Your energy bill will be reduced from 1 April following action taken by the UK Government in the 2025 Budget. You can find more information at gov.uk/your-energy-bill.
In the Autumn Budget, the government announced that some policy costs funded through household energy bills will be reduced from 1 April 2026. A significant proportion of energy bills are made up of ‘non-wholesale costs', including network costs, operating costs and policy costs, all of which support the running of the energy system.
From 1 April, some policy costs will be removed from customer bills, including 75% of the cost of the Renewables Obligation (RO), which will instead be funded by general taxation, and the Energy Company Obligation (ECO) insulation programme, which will come to an end.
These reductions will be applied to your rates automatically, whether you are on a variable or a fixed rate tariff. The exact rates will depend on which tariff you are on.

The price cap sets a limit on the unit rates and standing charges on variable tariffs (such as So Flex and So Flex Green.) It is not a cap on your total energy costs - the more you use, the more you will pay.
Changes in the price cap impact how much energy suppliers charge. If you're on a variable tariff, your standing charge and unit rates will change in line with the price cap. We'll always notify you before any changes. Our So Flex standard variable tariff rates will never exceed the Ofgem price cap.
Fixed tariffs are designed to provide certainty and protect customers from rate rises for up to 24 months. On 1 April 2026, fixed customers will receive a one-off rate reduction, as a result of action taken by the government to reduce some of the policy costs on household energy bills. Your rates will then stay the same for the duration of your tariff.
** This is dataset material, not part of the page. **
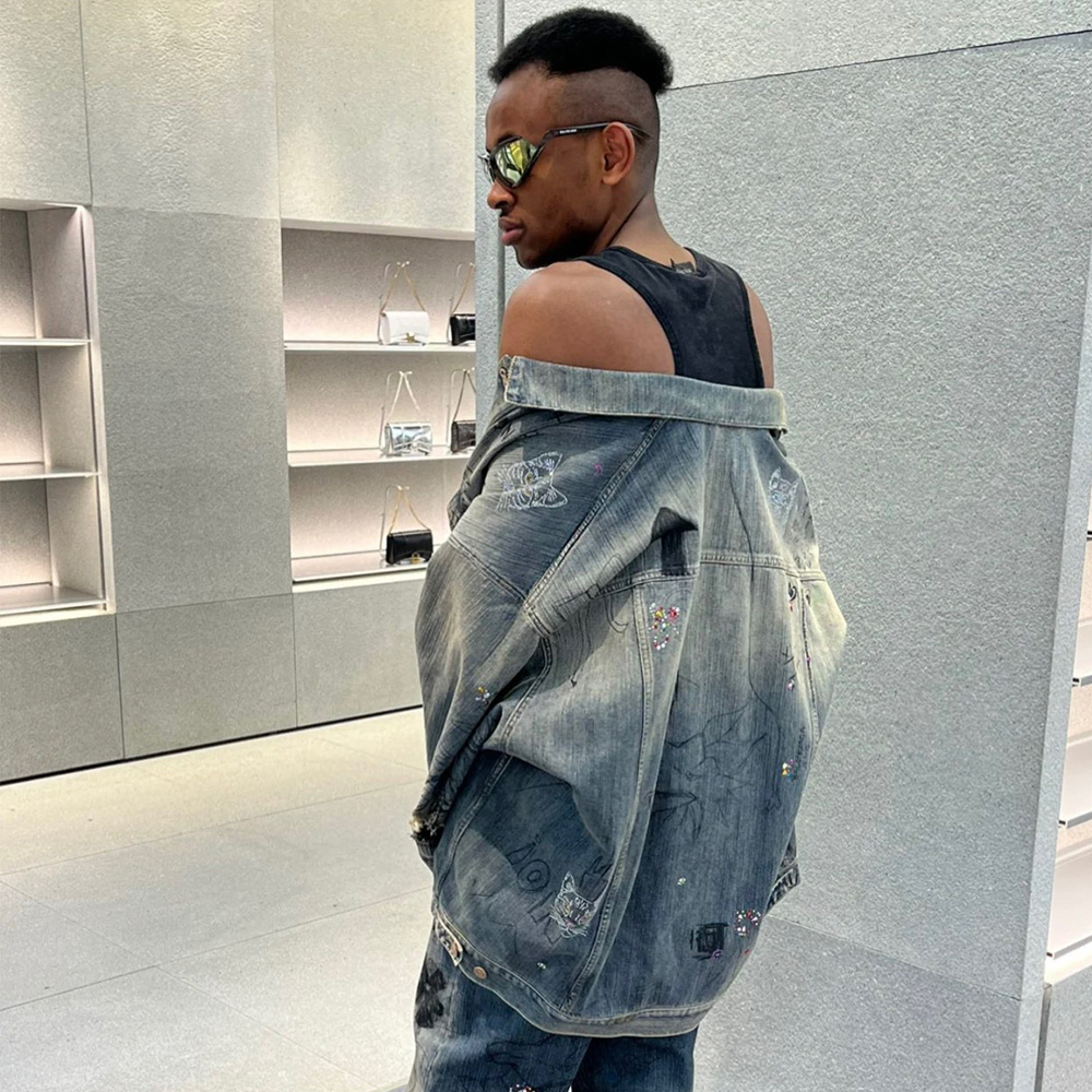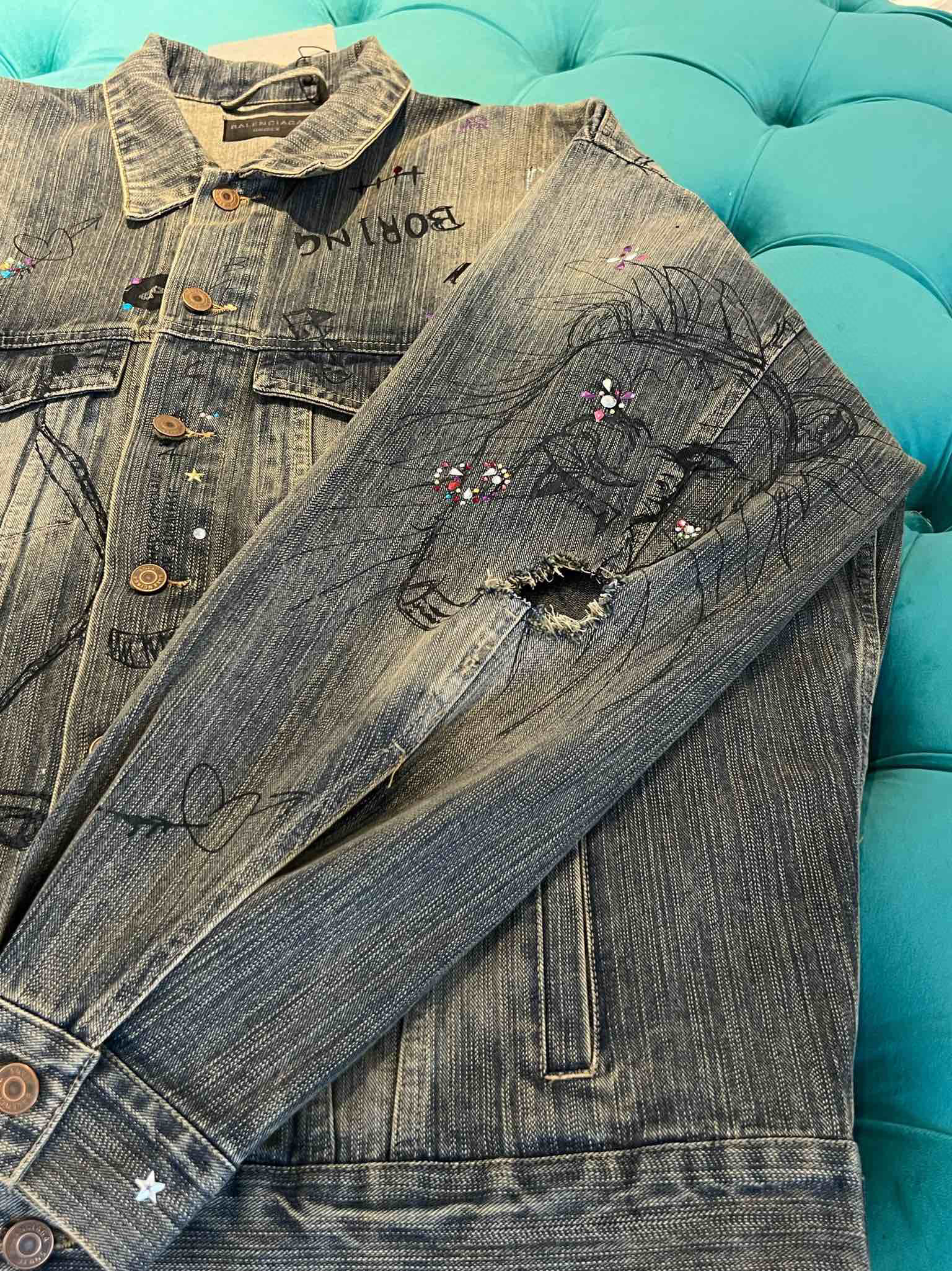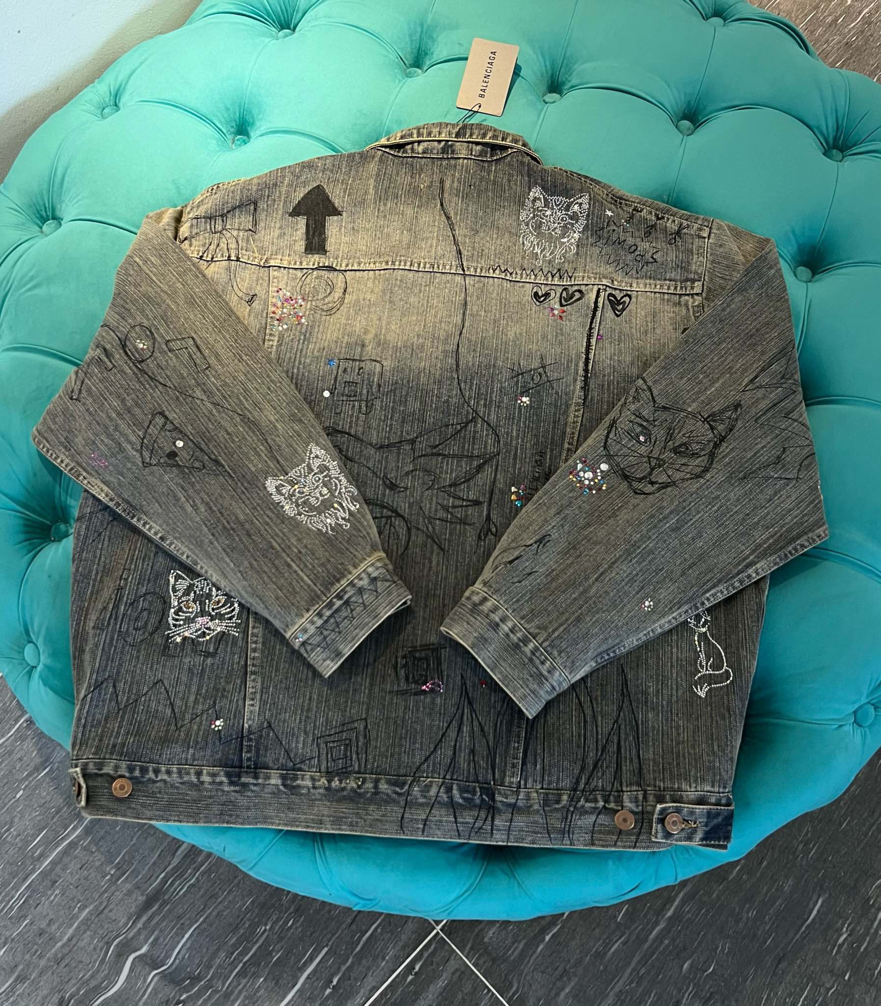 NIGO Balenciaga Men's Autumn And Winter High Street Graffiti Printed Loose Fitting Denim Jacket With Button Up Collar Ngvp #nigo7258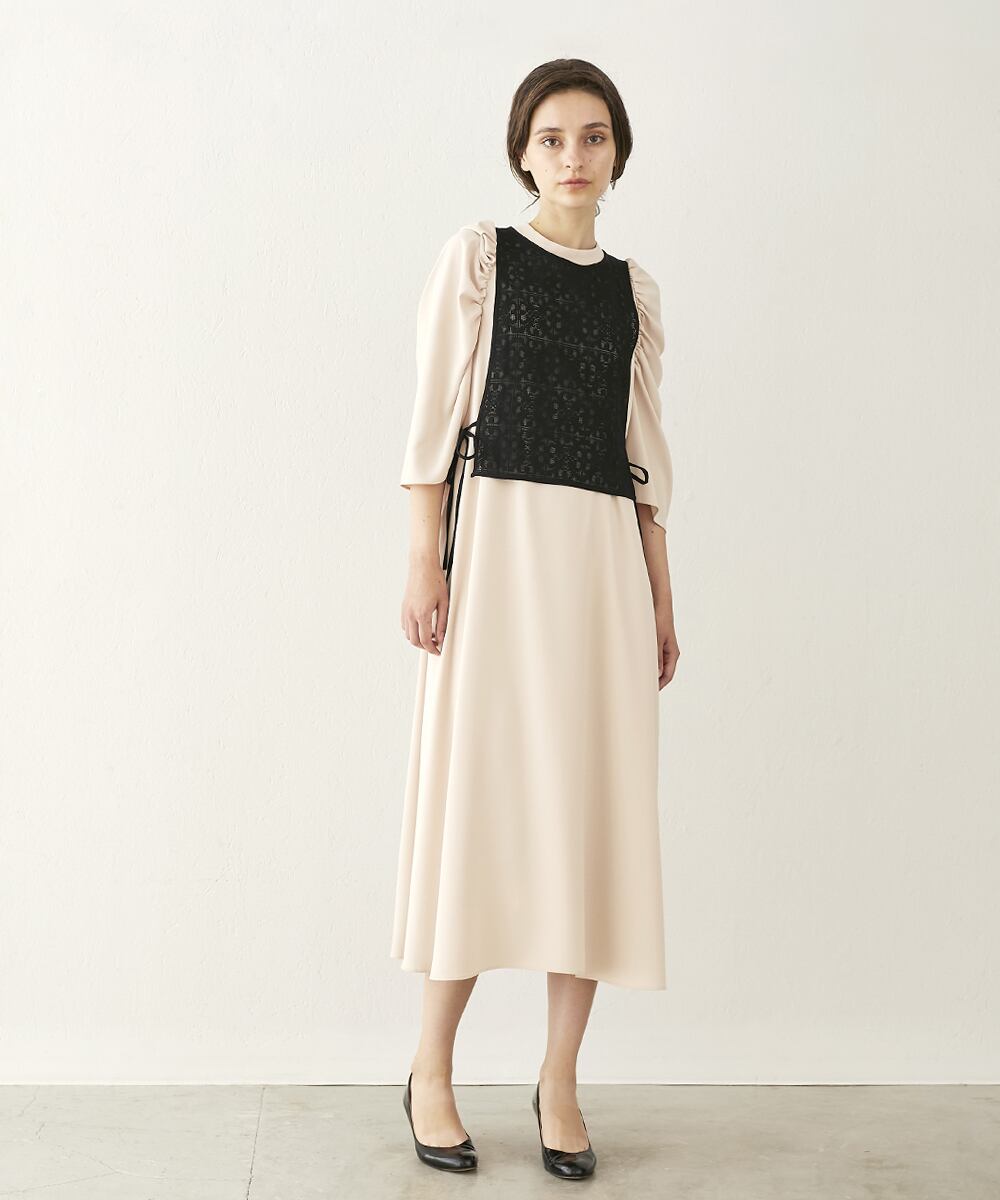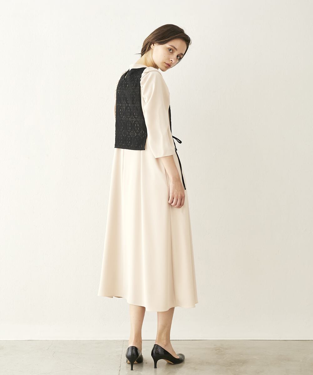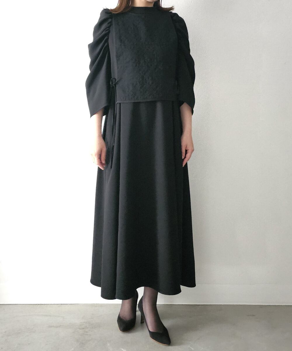 シンプルなシルエットに立体的なショルダーデザインが映えるベスト付きワンピース。エレガントなジョーセット生地は1枚でも華やかな上にプラスアイテム次第で様々なシーンに活躍できるオールラウンダーな一着です。

For new customers joining So Energy on a fixed tariff between 25 February and 31 March, existing rates will apply until 31 March and new, lower rates will apply from 1 April.
For existing customers signing up with So Energy on a new fixed tariff between 25 February and 31 March, existing rates will apply until 31 March and new, lower rates will apply from 1 April.
The Government announced at the Autumn budget it would reduce energy bills by an average of £150 for some households (around £134 for a typical dual-fuel user). These reductions are based on reductions to policy costs including the RO and the ECO scheme from 1 April. Actual savings will vary depending on how much energy you use, where you live and which tariff you’re on.
For So Energy customers on fixed tariffs, the rate reductions from 1 April will vary depending on how policy costs were priced into the original tariff. For most So Energy customers on fixed tariffs, rate reductions from 1 April will include both RO and ECO elements.
If you joined So Energy between 27 November 2025 and 14 January 2026 on a So Hawthorne, So Kings, So Kielder or So Larch tariff, you’ve already benefited from some of the ECO saving in your current prices. From 1 April, your prices will still go down due to the RO reduction and a smaller additional ECO reduction, as part of the ECO saving was already included in your rates. Your rates will then stay the same for the duration of your tariff.
The 6.5p/kWh off‑peak rate stays the same, as it does not include additional policy costs. Peak rates will be reduced to account for reductions in the RO and ECO policy costs.
So Green Tracker is a fixed tariff, with rates updated quarterly in line with the price cap. So Green Tracker rates will be reduced once the 1 April price cap takes effect.
Economy 7 customers on a So Flex tariff will see both day and night rates reduced from 1 April.
So Unique customers will see peak, off-peak and super-off peak rates reduced from 1 April.
Your updated rates from 1 April will be shown in the So Energy app, online account, tariff details and all new bills issued after 1 April.
No. The Warm Home Discount is still a separate scheme that provides a one-off payment to eligible households. These changes only relate to how policy costs are recovered.
As your supplier, So Energy can’t tell you which tariff to choose but we can explain your options. If you prefer flexibility and protection from the price cap, a variable rate tariff may be best for you. If you prefer certainty and protection from future price rises, you may prefer a fixed rate tariff.
If you are a current So Energy customer, you can view your tariff options in My Account. New customers can view our tariffs here.
We regularly check your Direct Debit to make sure you’re paying the right amount for your home, based on your tariff, where you live, and how much energy you use. If your account balance is in debit or credit, we may adjust your payments to help keep everything on track. When it’s time for a review, we’ll be in touch to talk you through your options.